Why does this matter? Well, have you just convinced your company to invest in technology that scans your network for Social Security Numbers, Credit Card Numbers, Bank Account Numbers, Routing Numbers, HealthCare Identifiers, etc. because you were charged with finding and eliminating these kinds of threats? Unless you understand the differences between SI and PII, the task will be much more difficult than you imagined. That’s because there are two different strategies that vendors use to find SI, and both of them have flaws.
Let’s call the first method the Optimist method. The Optimist assumes an orderly world where Social Security Numbers are always stored in a format like NNN-NN-NNNN, nine digits separated into three groups (three digits, two digits and four digits) by dashes. Maybe your Optimist has had a brush of reality, and will recognize Social Security Numbers with a single spaces instead of dashes, but that is as realistic as they will get. Unfortunately, reality can be cruel, often storing Social Security numbers as nine digits without dashes grouping them, or with lots of space between the groups. It can even be stored in three separate fields that alone are unrecognizable as a Social Security number, and only make sense when displayed in a companion form that supplies the dashes and readability of the data. For these reasons, the Optimist can, and does, miss SI. (Most vendors use this method, so odds are this is what you bought).
Compare that with the Pessimist method. The Pessimist knows how disorderly reality is and casts as wide a net as possible when searching. Not only will they match any sequence of nine consecutive digits, they will also match any series of three, then two, then four digits separated by any number of non-alphanumeric characters.The Pessimist isn’t likely to miss any SI at all. The problem is all the false positive matches they will find. You will be surprised how many nine digit numbers you will find that aren’t really Social Security numbers. While both methods generate false positives and while there are well known practices used by both methods to minimize those false positives, you’ll get far more of them from a Pessimist than an Optimist. In some datasets, the false positives can be overwhelming.
It’s possible to further minimize Pessimist false positives by, for example excluding search results that aren’t near strings like “Social” or “Security” or “SSN” or “Employee” when searching for Social Security Numbers, or for ‘Credit Card”, “Amex”, “Visa”, “MasterCard” when searching for Credit Card numbers. A search like that would hit the credit card number above, regardless of how the number was formatted. Using that technique on a dataset that was pronounced “Clean of SI” after it was processed by an Optimist, you will find lots of examples they missed. It’s a very effective way to quickly find the flaws in an Optimist implementation. Of course, that is also likely to end up excluding SI that the Optimist found that did not have those strings.

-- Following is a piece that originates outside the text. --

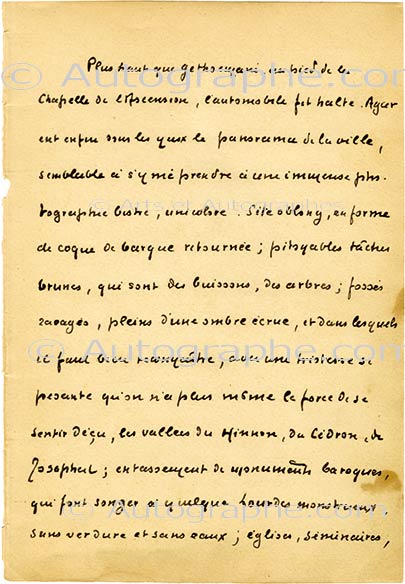Manuscrit autographe signéManuscrit autographe signé. Alexandrie, 10 septembre 1924 ; 2 pages in-8°. Extrait de « Le Puits de Jacob, chapitre VIII ». Cette page faisait partie d’un carnet de dédicaces autographes signées de personnalités artistiques et...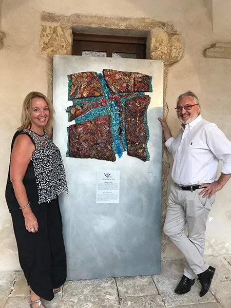 This international symposium in-person event was facilitated, hosted and organized by the Sardinia Contemporary Mosaic & Art organization in Ploaghe. It was a huge honor for Kim to be invited to participate in this event that happens concurrently with the 500 year traditional festival known as the “Ferroagosto”.

So if an Optimist is foolproof, and a Pessimist can generate too many false positives, what’s to be done? That’s the true value of searching for PII. Since SI is only a problem when it is matched with PII, then it follows that by using a tool that implements the Pessimistic method to search for SI only where it is near PII (the last names of all your employees or customers for instance), you can efficiently find all the SI that truly puts your organization at risk. That means that if your dataset is large, you will need a pretty powerful indexing engine and a well thought out search process, but at least you can be confident that the task can be successfully completed.
Still don’t believe me? You’re welcome to argue the point with me on LinkedIn. And no, that’s not my credit card number, and now that you have my PII, I won’t be posting the real one.